Women and girls continue to be killed based on sex and gender
“Women and girls continue to be killed on the basis of their sex and gender, rendered more vulnerable to femicide when being women and girls intersect with other grounds or identities,” said Reem Alsalem, UN Special Rapporteur on the issue, whose mandate includes looking into the reasons behind attacks as well as their effects.
According to her, “they continue to be unable to organize freely, believe, and speak without suffering the consequences.” After presenting her report to the UN General Assembly’s Third Committee in New York, Ms. Alsalem made her remarks. “In some nations, we have seen alarming regressions in people’s access to sexual and reproductive health care, education, and freedom of movement.
Ms.
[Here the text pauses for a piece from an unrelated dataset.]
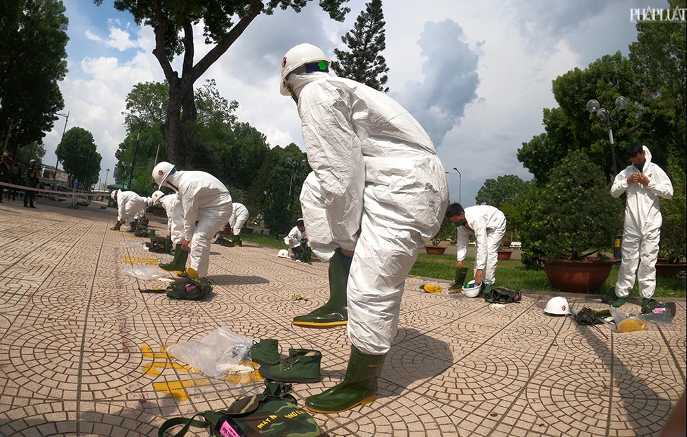 Từ 14 giờ chiều cùng ngày, các cán bộ chiến sĩ tập trung ở khu vực Công viên Gia Định để làm công tác chuẩn bị. Họ mặc trang bị bảo hộ, kiểm tra hệ thống bơm, áp suất nén... trước khi thực hiện công việc. Ảnh NT
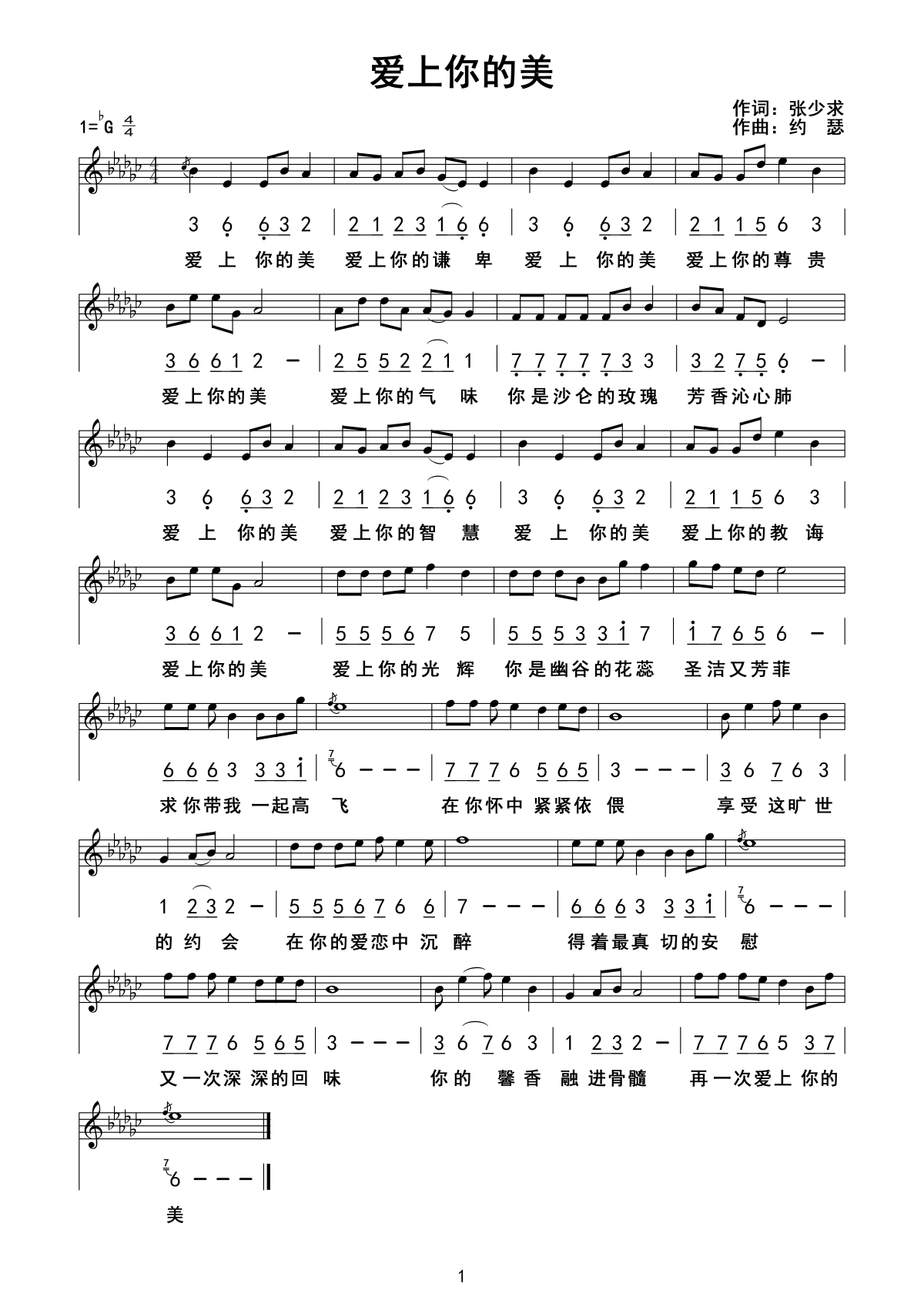 爱上你的美 官方谱

Alsalem continued, “These regressions are taking place as the world navigates many crises of war, climate change, poverty, and pandemics that clearly have a gendered impact and affect women and girls unequally.
The abuse of women
We have painfully recognized that we are nowhere near attaining Sustainable Development Goal 5 (on female equality and empowerment) as we approach the halfway point of the race to meet the 2030 Agenda for Sustainable Development, the expert added.
Around 736 million people are victims of physical or sexual violence by an intimate relationship or sexual assault by a non-partner, according to the World Health Organization, a statistic that has stayed fairly stable over the past ten years.
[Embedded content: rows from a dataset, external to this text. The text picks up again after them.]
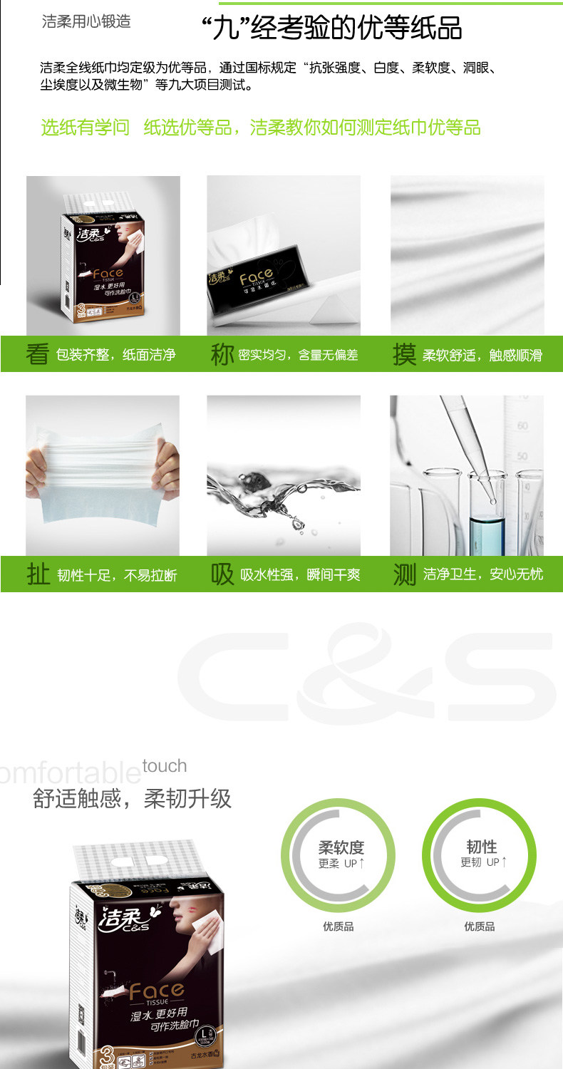 洁柔纸巾C&S无香3层高端抽纸套装18包,更柔、更韧、更厚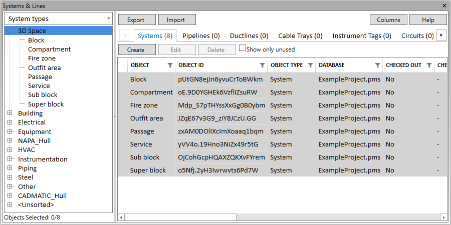 In the left pane of the Systems and Lines dialog, select what to export: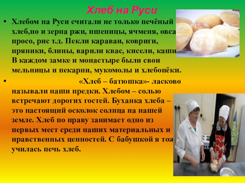 «Хлеб – батюшка»- ласково называли наши предки. Хлебом – солью встречают дорогих гостей. Буханка хлеба – это настоящий осколок солнца на нашей земле. Хлеб по праву занимает одно из первых мест среди наших материальных и нравственных ценностей. С бабушкой я тоже училась печь хлеб.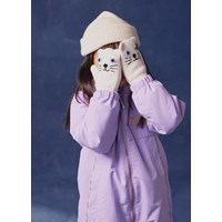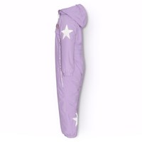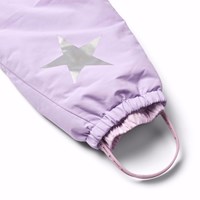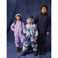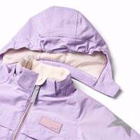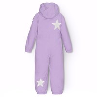 Lilla flyverdragt til en kold vinter i genanvendt polyester. Dragten har en aftagelig foret hætte, vandtæt lynlås på fronten, der holder vind og vand ude. Flyverdragten har elastik i lænden, ved ærme- og ben afslutning, så sne, regn og vind holdes ude, samt holder på luffer og støvler. Dragten er udstyret med refleksbånd langs sidesømmene samt store stjerneformede reflekser på både ærmer, ben og ryggen, som sikrer synlighed i trafikken. Dragten har foret sidelommer og en indvendig justerbar elastik i taljen som giver form og tæthed omkring kroppen.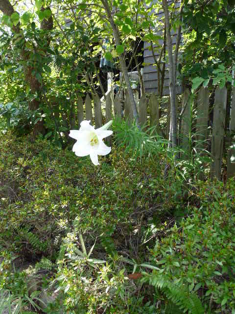 真夏に咲く花は、貴重ですよね。雑木の中に一輪のゆりが、いいですね。うちの庭でも、一時期たくさん生えてました。種ができると、ぱらぱらと、ばらまきます。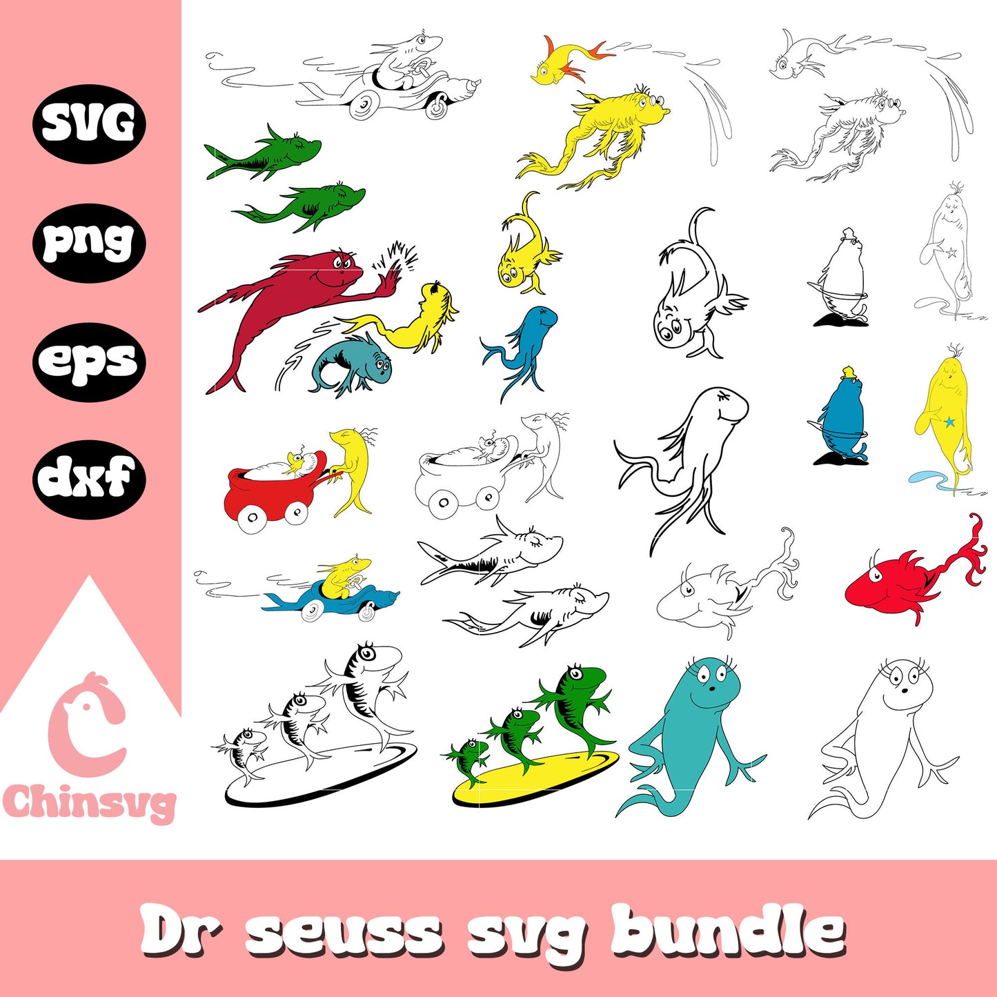 One fish two fish red fish bundle svg is a product of our Dr seuss collection. inspired by the beloved books and characters that have enchanted generations! Featuring iconic designs of The Cat in the Hat, Horton, Thing 1 & Thing 2, and more, along with memorable quotes and whimsical elements, this collection is perfect for crafting unique projects that spark joy and creativity.

The majority of women who experience abuse do so in intimate relationships; there are 641 million victims worldwide.
According to the organization, younger women are still more vulnerable to this type of abuse, with one in four of them experiencing it from an intimate partner by the time they are in their mid-twenties.
gender-based prejudice
“Gender equality cannot be achieved without ensuring that women and girls can enjoy their fundamental human rights and can participate in society equally and without discrimination,” said Ms. Alsalem.
She claimed that 50 nations still have nationality rules that discriminate against women, and that in 24 of those nations, women are not allowed to confer nationality on their children on an equal footing with men.
Statelessness
The unaffiliated expert continued by stating that one of the main factors contributing to statelessness is the discrimination based on sex and gender in nationality rules.
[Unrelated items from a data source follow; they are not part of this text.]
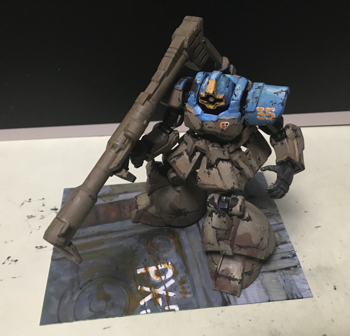 プラモ ドムGフレーム完成。 投稿者: murbo 投稿日: 2021/03/162021/03/16 やっと完成。Gフレーム版ドム。下の板はプラ版にデザインして筋彫したりプラ切って貼ったのに塗ってみたらなにもない板に描いても同じ効果になってしまった。文字は手書き。 Readers who viewed this page, also viewed:ゲルググGフレーム完成。 関連記事: Gフレーム02 ドム買った。 Gフレーム版ドムを塗装している。1 Gフレーム版ドムを塗装している。4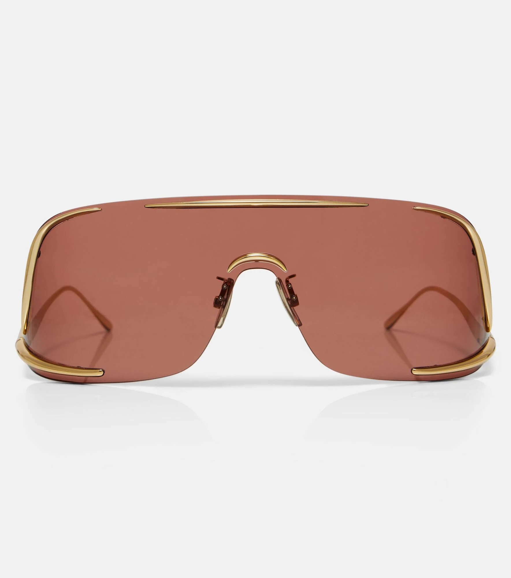 Founded in 1846 as a leathermaking company, Loewe maintains a commitment to art and craft of the utmost quality. These shield sunglasses are finished with branded hardware and low-set temples. Product Details - Frame material: metal - Frame color: gold - Lens filter category 2 - Color: red - Lens color: red - Made in Italy - Includes: case and presentation box, cleaning cloth - The color of the case may vary - Item number: P01098172 Size & Fit - Lens width: 170mm-6.7" - Earpiece length: 120mm-4.7"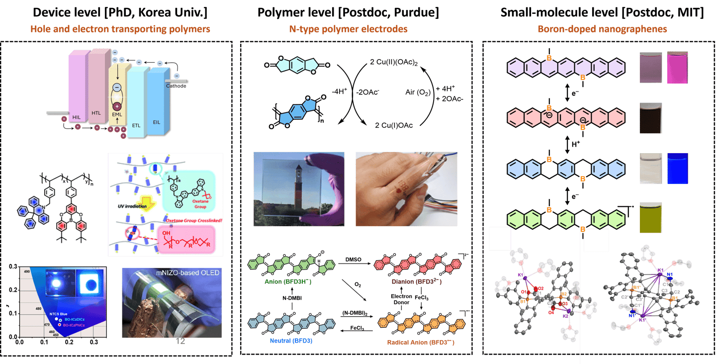 Modern flexible electronics face major challenges due to the brittleness and rigidity of existing conductors. Overcoming these barriers is essential for making devices that can seamlessly interface with soft and dynamic environments. The long-term goal of my research program is to combine organic synthesis, polymer engineering, and soft material processing to build free-form optoelectronic systems that function reliably under deformation and complex geometries.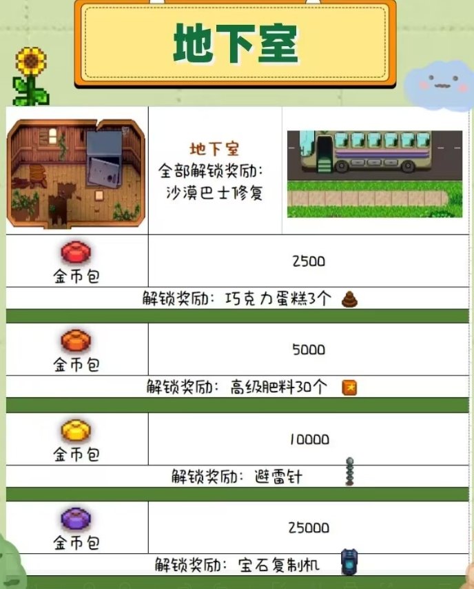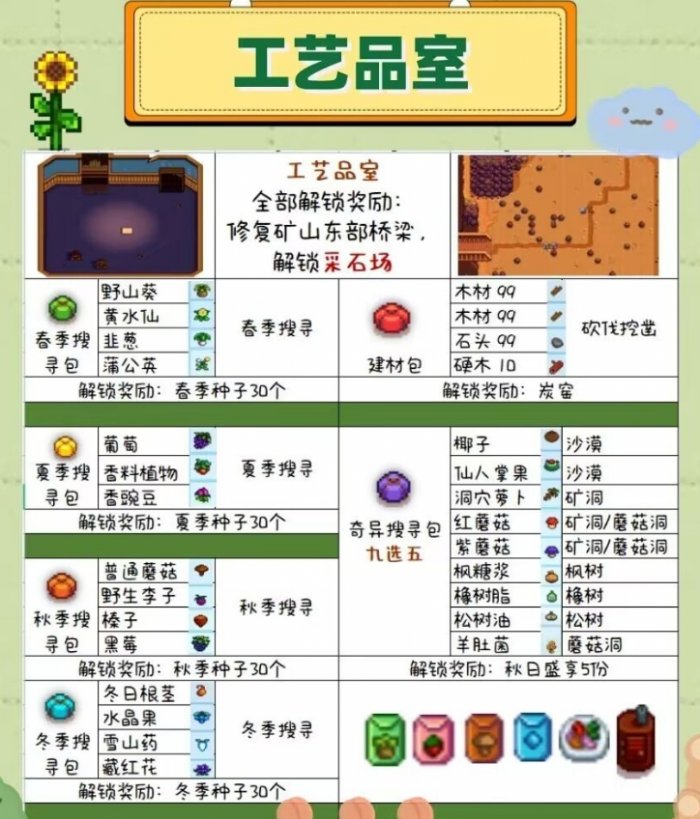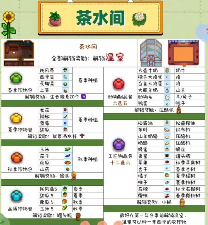 2、茶水间:建议在第一年的冬天解锁,这样可以使用温室,温室不限制季节,可以种所有的农作物,可以保证冬天的收入,所以要留意茶水间所有的收集包内容,一部分可以在猪车买到。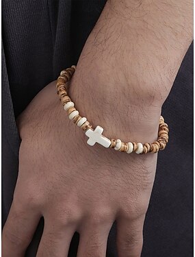 Herenarmband van natuurlijk hout met turquoise kruis – handgemaakte bohemian stretch polsband voor casual kleding, zomeroutfits en strandvibes

Without a doubt, statelessness and laws that discriminate against women’s nationality are types of serious discrimination against women and girls as described by the Declaration on the Elimination of Violence Against Women.
According to Ms. Alsalem, “they produce a vicious cycle of human rights failures and violations, directly and indirectly escalating psychological, sexual, and physical violence.”
States were urged by her to “uphold the objective, spirit, and meaning of fundamental human rights obligations”. Special Rapporteurs and other UN experts are independent of all governments and organizations and are not employed by the UN. They work without being paid and represent themselves alone.